REPUBLIKA.CO.ID, JAKARTA -- Badan Meteorologi, Klimatologi, dan Geofisika menyatakan musim kemarau di sebagian wilayah di Tanah Air dimulai pada April 2018. Puncaknya sendiri diprediksi berlangsung mulai Agustus.
"Awal musim kemarau akan dimulai pada akhir April-Juni 2018. Daerah yang pertama memasuki musim kemarau Nusa Tenggara Timur, Nusa Tenggara Barat, dan Bali," kata Kepala BMKG Dwikorita Karnawati dalam konferensi pers di Jakarta, Kamis (15/3).
Ia mengatakan, puncak musim kemarau akan berlangsung pada Agustus dan September 2018. Dwikorita mengatakan, iklim di Indonesia punya tiga pola curah hujan, yaitu tipe monsunal, tipe ekuatorial, dan tipe lokal.
Daerah yang mempunyai tipe hujan monsunal dalam satu tahun mempunyai satu puncak hujan yang umumnya terjadi pada Desember-Januari.
Daerah yang mempunyai tipe hujan ekuatorial dalam satu tahun mempunyai dua puncak musim hujan, yakni puncak musim hujan pertama pada Maret dan puncak musim kedua pada November. Sedangkan tipe lokal mempunyai satu puncak musim hujan yang periodenya kebalikan dari pola monsunal, yaitu pada Agustus.
"Jadi terjadinya musim kemarau tidak merata di semua wilayah dan akan terus meluas hingga Oktober 2018," tambah dia.
Awal musim kemarau yang dimulai di Nusa Tenggara dan Bali pada bulan berikutnya akan meluas ke Pulau Jawa, Sumatera, Kalimantan, dan Papua.
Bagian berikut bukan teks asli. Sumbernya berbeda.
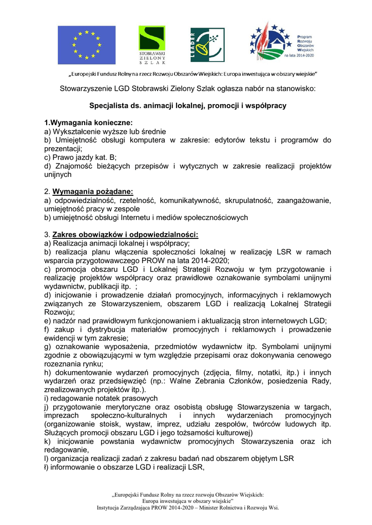 Stowarzyszenie LGD Stobrawski Zielony Szlak ogłasza nabór na stanowisko: Specjalista ds. animacji lokalnej, promocji i współpracy 1.Wymagania konieczne: a) Wykształcenie wyższe lub średnie b) Umiejętność obsługi komputera w zakresie: edytorów tekstu i programów do prezentacji; c) Prawo jazdy kat. B; d) Znajomość bieżących przepisów i wytycznych w zakresie realizacji projektów unijnych 2. Wymagania pożądane: a) odpowiedzialność, rzetelność, komunikatywność, skrupulatność, zaangażowanie, umiejętność pracy w zespole b) umiejętność obsługi Internetu i mediów społecznościowych 3. Zakres obowiązków i odpowiedzialności: a) Realizacja animacji lokalnej i współpracy; b) realizacja planu włączenia społeczności lokalnej w realizację LSR w ramach wsparcia przygotowawczego PROW na lata 2014-2020; c) promocja obszaru LGD i Lokalnej Strategii Rozwoju w tym przygotowanie i realizację projektów współpracy oraz prawidłowe oznakowanie symbolami unijnymi wydawnictw, publikacji itp. ; d) inicjowanie i prowadzenie działań promocyjnych, informacyjnych i reklamowych związanych ze Stowarzyszeniem, obszarem LGD i realizacją Lokalnej Strategii Rozwoju; e) nadzór nad prawidłowym funkcjonowaniem i aktualizacją stron internetowych LGD; f) zakup i dystrybucja materiałów promocyjnych i reklamowych i prowadzenie ewidencji w tym zakresie; g) oznakowanie wyposażenia, przedmiotów wydawnictw itp. Symbolami unijnymi zgodnie z obowiązującymi w tym względzie przepisami oraz dokonywania cenowego rozeznania rynku; h) dokumentowanie wydarzeń promocyjnych (zdjęcia, filmy, notatki, itp.) i innych wydarzeń oraz przedsięwzięć (np.: Walne Zebrania Członków, posiedzenia Rady, zrealizowanych projektów itp.). i) redagowanie notatek prasowych j) przygotowanie merytoryczne oraz osobistą obsługę Stowarzyszenia w targach, imprezach społeczno-kulturalnych i innych wydarzeniach promocyjnych (organizowanie stoisk, wystaw, imprez, udziału zespołów, twórców ludowych itp. Służących promocji obszaru LGD i jego tożsamości kulturowej) k) inicjowanie powstania wydawnictw promocyjnych Stowarzyszenia oraz ich redagowanie, l) organizacja realizacji zadań z zakresu badań nad obszarem objętym LSR ł) informowanie o obszarze LGD i realizacji LSR, „Europejski Fundusz Rolny na rzecz rozwoju Obszarów Wiejskich: Europa inwestująca w obszary wiejskie” Instytucja Zarządzająca PROW 2014-2020 – Minister Rolnictwa i Rozwoju Wsi. m) współpraca z innymi lokalnymi grupami działania/organizacjami w celu znalezienia partnera do wspólnej realizacji projektu/ów współpracy oraz innych działań promocyjnych, n) przygotowywanie wniosków o przyznanie pomocy finansowej PROW oraz innych organizacji i instytucji udzielających dotacji, grantów w ramach ogłoszonych konkursów, o) bieżący monitoring zapisanych w LSR wskaźników produktu, rezultatu i oddziaływania dotyczących projektów współpracy oraz innych działań, p) przygotowanie wniosków o płatność i końcowego rozliczenia projektów współpracy, r) realizacja umów i monitorowanie wydatków związanych realizacją projektów współpracy oraz innych działań, s) sumienne prowadzenie dokumentacji dotyczącej realizowanych na stanowisku zadań, t) zabezpieczenie i dbałość o przestrzeganie danych i tajemnic ustawowo chronionych, u) terminowe załatwianie spraw w) prowadzenie doradztwa dla beneficjentów w sprawie warunków i możliwości otrzymania dofinansowania x) obsługa Stobrawskiego Centrum Produktu Turystycznego i Kulturowego utworzonego w ramach projektu współpracy y) inne zadania wynikające z bieżących potrzeb biura 4. Warunki zatrudnienia: a) wymiar czasu pracy – pełen etat 5. Miejsce pracy: Stowarzyszenie Lokalna Grupa Działania Stobrawski Zielony Szlak ul. Sienkiewicza 8, 46-034 Pokój 6. Etapy naboru: a) złożenie dokumentów przez kandydatów – ocena formalna b) zaproszenie na rozmowę kwalifikacyjną c) ogłoszenie o wyborze kandydata 7. Wymagane dokumenty: a) życiorys (CV), z uwzględnieniem dotychczasowego przebiegu kariery, b) kserokopie dyplomów, świadectw pracy oraz innych dokumentów potwierdzających posiadanie kwalifikacje i umiejętności, c) oświadczenie o niekaralności za przestępstwa umyślne, d) kwestionariusz osobowy Wymagane dokumenty aplikacyjne należy składać osobiście w siedzibie Biura Stowarzyszenia ul. Sienkiewicza 8, 46-034 Pokój w zamkniętej kopercie z dopiskiem: „Dotyczy naboru na stanowisko Specjalista ds. animacji lokalnej, promocji i współpracy w terminie do dnia 16.01.2017 r. „Europejski Fundusz Rolny na rzecz rozwoju Obszarów Wiejskich: Europa inwestująca w obszary wiejskie” Instytucja Zarządzająca PROW 2014-2020 – Minister Rolnictwa i Rozwoju Wsi. Aplikacje, które wpłyną do Biura Stowarzyszenia po wyżej określonym terminie nie będą rozpatrywane. Informacja o wynikach naboru będzie umieszczona na stronie internetowej www.stobrawskiszlak.pl Wymagane dokumenty aplikacyjne: list motywacyjny, szczegółowe CV (z uwzględnieniem dokładnego przebiegu kariery zawodowej), powinny być opatrzone klauzulą: Wyrażam zgodę na przetwarzanie moich danych osobowych zawartych w ofercie pracy dla potrzeb niezbędnych do realizacji procesu rekrutacji zgodnie z ustawą z dnia 29 sierpnia 1997r. o ochronie danych osobowych (Dz.U.z 2002r. Nr 101,poz. 926 z późn. zm.) oraz podpisane. Datę, godzinę telefonicznie. i miejsce rozmów kwalifikacyjnych podamy zainteresowanym (-) Kierownik Biura LGD Jadwiga Kulczycka „Europejski Fundusz Rolny na rzecz rozwoju Obszarów Wiejskich: Europa inwestująca w obszary wiejskie” Instytucja Zarządzająca PROW 2014-2020 – Minister Rolnictwa i Rozwoju Wsi.
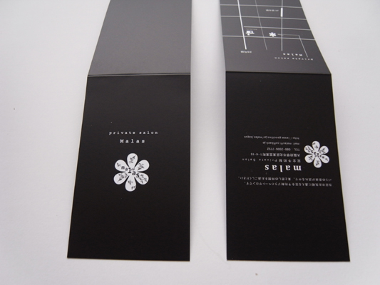 短辺に折り加工を加えた、二つ折りの中でも珍しいショップカード。貰うとなんだか嬉しくなってしまう可愛らしさです。

Saat awal musim kemarau, curah hujan mencapai 150 milimeter per bulan dan terus menurun seiring terjadinya puncak musim kemarau. Pada puncak musim kemarau yang terjadi pada Agustus -September, curah hujan berkisar antara 20-0 milimeter per bulan atau sama sekali tidak ada hujan.
Namun menurut BMKG, kemarau pada 2018 diprakirakan tidak separah musim kemarau pada 2015 karena sampai dengan pertengahan 2018 iklim di Indonesia masih dipengaruhi La Nina lemah, sehingga kemarau tahun ini akan berimplikasi positif pada tanaman palawija dan tanaman semusim yang tidak teralu memerlukan banyak air.